Черные волосы солдата были зачесаны назад, в плотный хвост. Но когда взгляд Сары упал на его лицо, женщина едва не отступила еще дальше. На него было страшно смотреть. Одну сторону головы пересекал огромный шрам, по виду и цвету чем-то напоминавший цветную капусту. Он охватывал треть лба и весь левый глаз, настолько изуродованный, что, казалось, его развернули на девяносто градусов вокруг своей оси. Шрам разрезал щеку, спускаясь вниз, там, где она соединялась с нижней челюстью. Он коснулся и рта, растянув уже и без того до невозможности тонкие стигийские губы солдата так, что были видны все его десны, аж до зубов мудрости.

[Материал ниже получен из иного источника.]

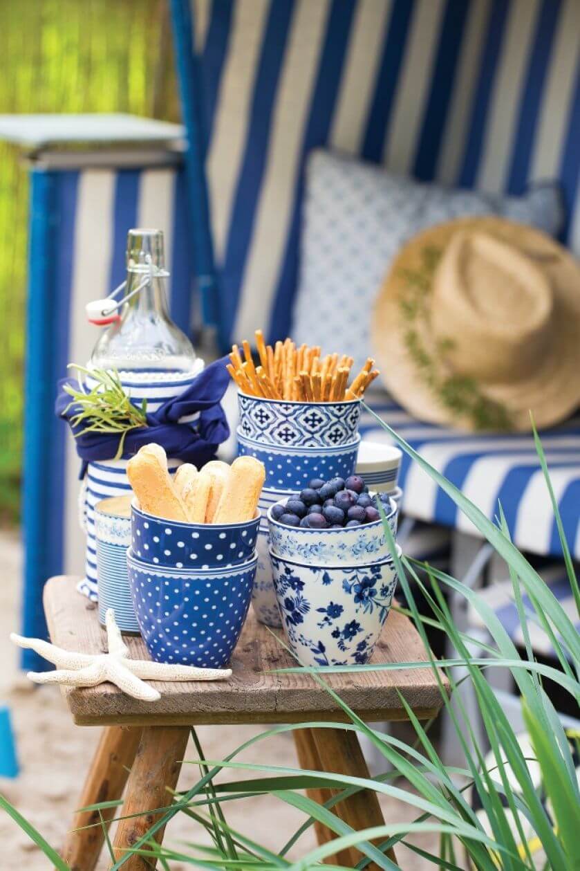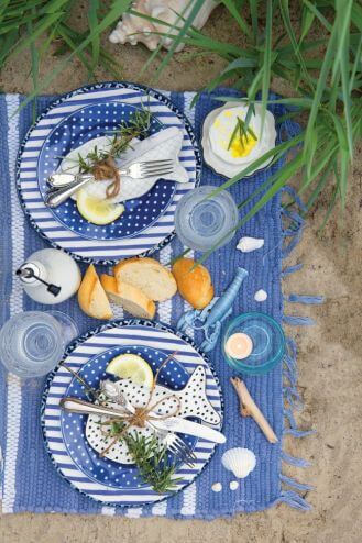 Letni piknik jak nad morzem? Urządzisz go nawet we własnym ogrodzie! Potrzebne będą: wiaderko piachu, plażowy kosz, słomkowe kapelusze, kobaltowe naczynia, poduszki i pledy. Do tego kilka pamiątek z wakacji oraz lekkie przekąski.

Такое увидишь только в кошмаре.
Сара быстро отыскала здоровый глаз стигийца, стараясь не зацикливаться на левом — слезившемся, окруженном выступавшими кроваво-красными тканями, прорезанными сетью голубоватых капилляров. Стигиец напоминал жертву незавершенного анатомического исследования, словно кто-то начал препарировать его лицо, но закончил работу лишь наполовину.
— Вижу, вы начали без меня, — произнес он. Искривленный рот выговаривал слова с придыханием, а голос у солдата был тихий, но при этом уверенный, командирский. — Вы знаете, что изображено на этой карте? — спросил он.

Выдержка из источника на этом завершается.